- _Work instruction_:
Write out every line exactly, from the start of the records below to the line with "Die Tasche hat", and stop there. Don't write out the pictures.
*** Records for this exercise ***
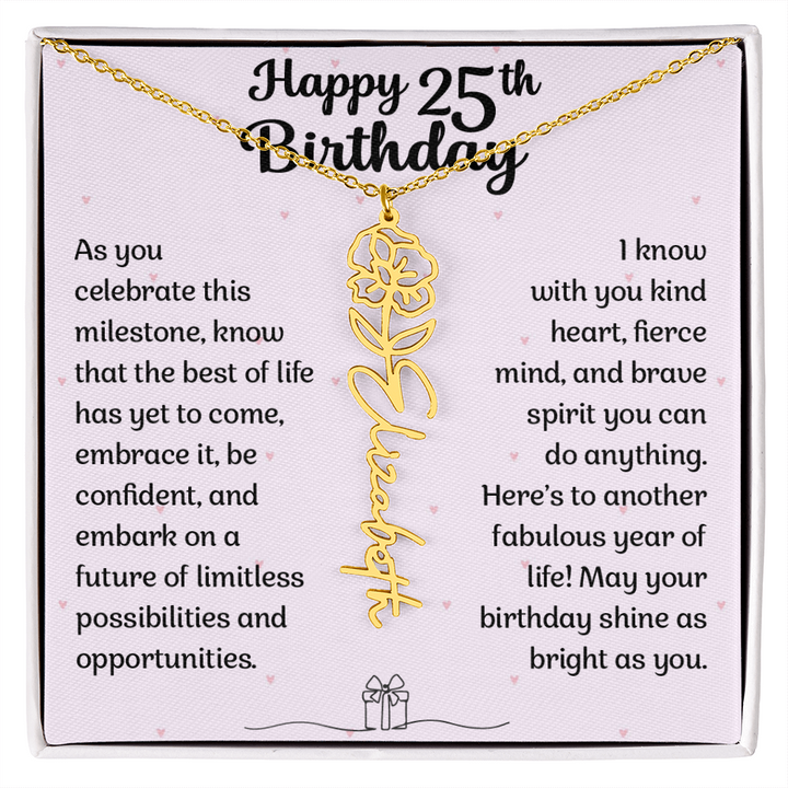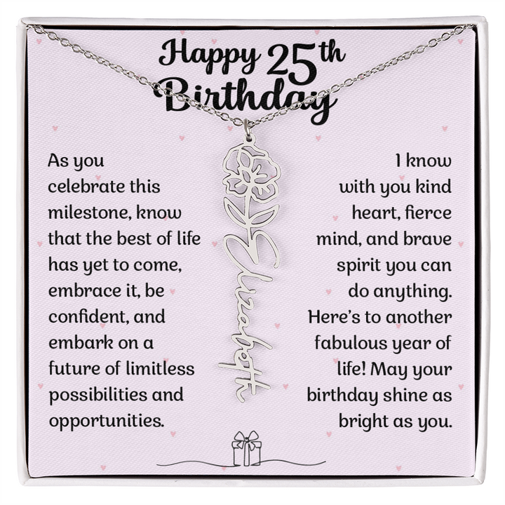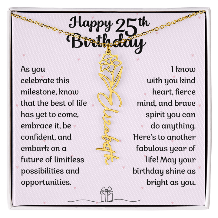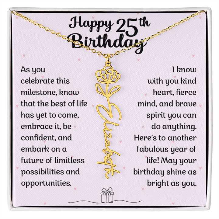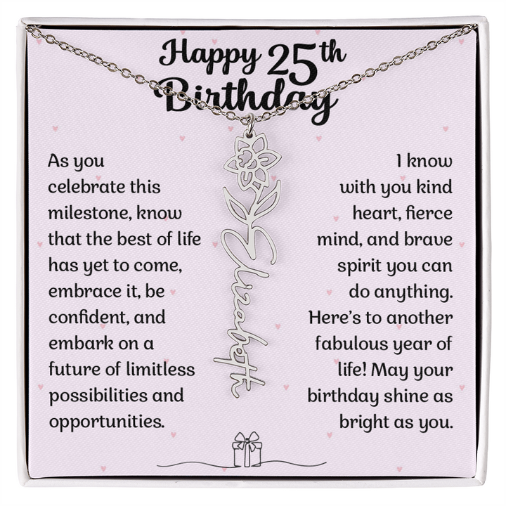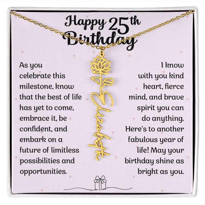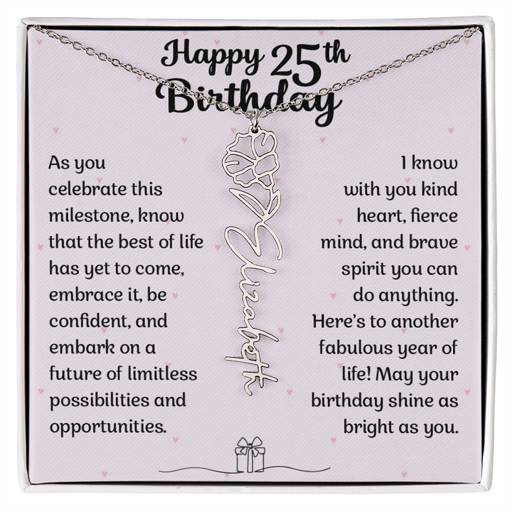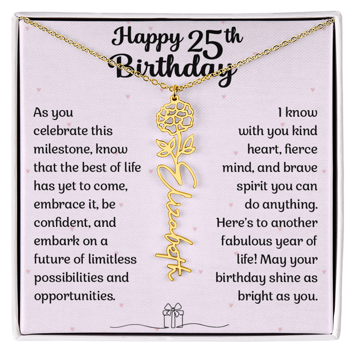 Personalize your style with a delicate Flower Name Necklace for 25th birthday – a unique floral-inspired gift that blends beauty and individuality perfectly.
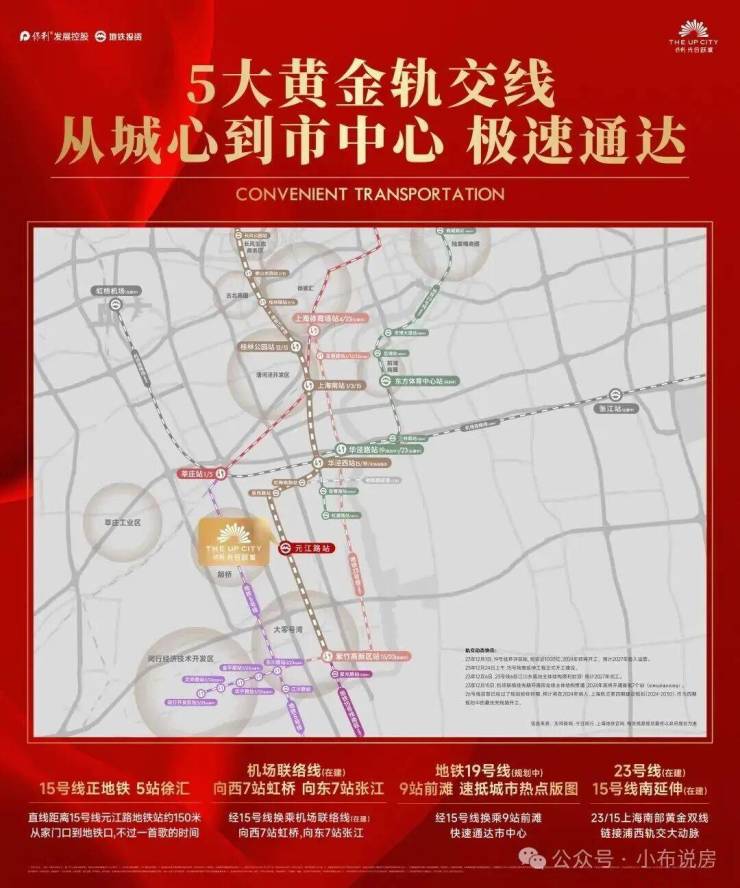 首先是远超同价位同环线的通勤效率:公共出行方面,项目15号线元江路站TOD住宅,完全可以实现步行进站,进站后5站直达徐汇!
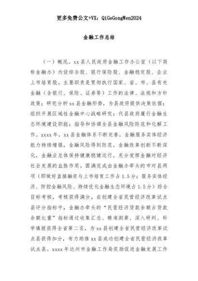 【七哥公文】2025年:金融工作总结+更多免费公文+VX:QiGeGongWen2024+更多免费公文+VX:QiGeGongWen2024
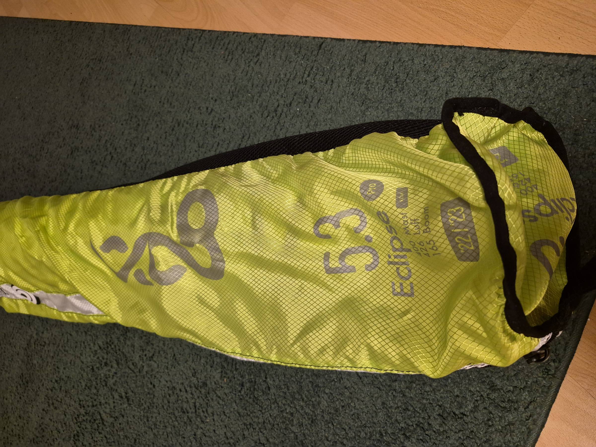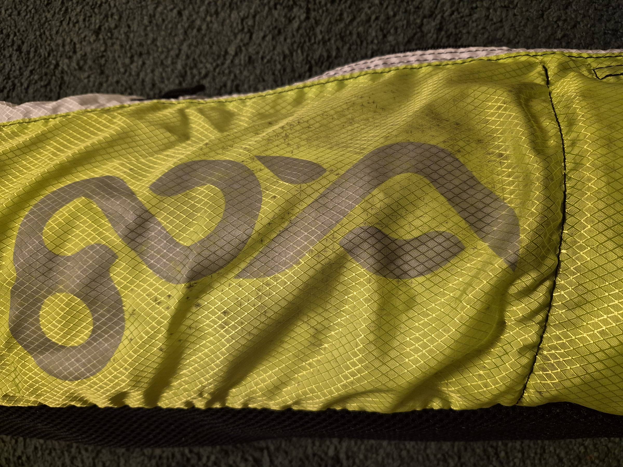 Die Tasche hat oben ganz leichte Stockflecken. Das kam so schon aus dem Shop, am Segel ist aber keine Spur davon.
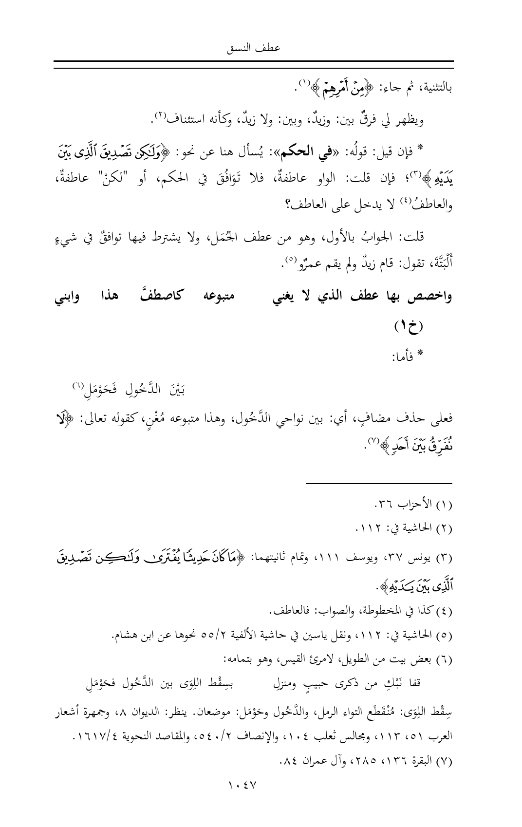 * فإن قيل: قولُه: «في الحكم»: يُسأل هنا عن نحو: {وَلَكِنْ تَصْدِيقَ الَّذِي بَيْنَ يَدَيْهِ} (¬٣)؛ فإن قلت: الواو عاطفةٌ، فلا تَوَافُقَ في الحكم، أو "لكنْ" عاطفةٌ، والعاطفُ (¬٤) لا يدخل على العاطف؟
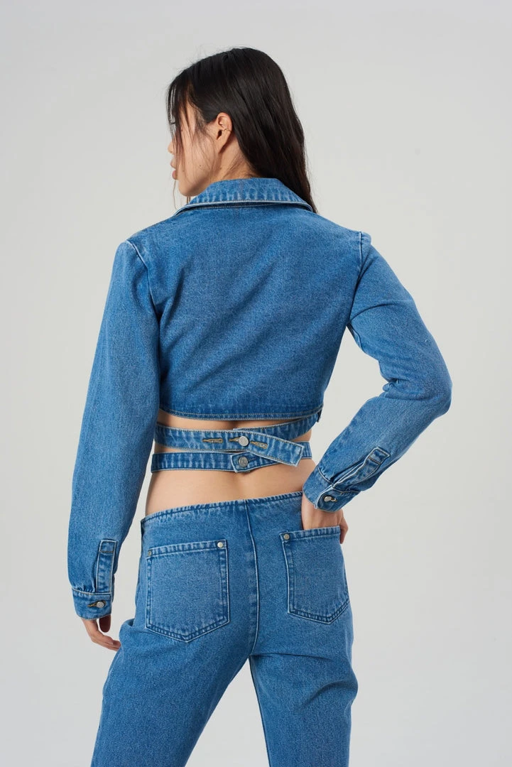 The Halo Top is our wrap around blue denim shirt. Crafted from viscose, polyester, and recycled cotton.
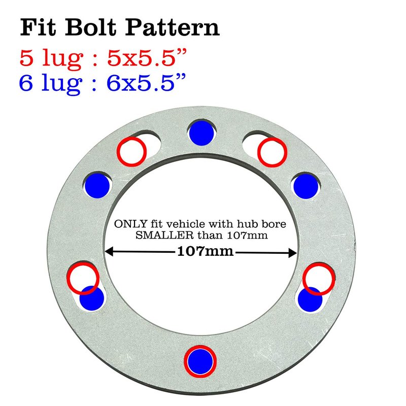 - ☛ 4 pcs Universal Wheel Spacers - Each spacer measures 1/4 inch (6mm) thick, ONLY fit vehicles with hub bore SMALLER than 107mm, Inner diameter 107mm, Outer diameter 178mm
***
- _The completed task_:
 Personalize your style with a delicate Flower Name Necklace for 25th birthday – a unique floral-inspired gift that blends beauty and individuality perfectly.
 首先是远超同价位同环线的通勤效率:公共出行方面,项目15号线元江路站TOD住宅,完全可以实现步行进站,进站后5站直达徐汇!
 【七哥公文】2025年:金融工作总结+更多免费公文+VX:QiGeGongWen2024+更多免费公文+VX:QiGeGongWen2024
 Die Tasche hat oben ganz leichte Stockflecken. Das kam so schon aus dem Shop, am Segel ist aber keine Spur davon.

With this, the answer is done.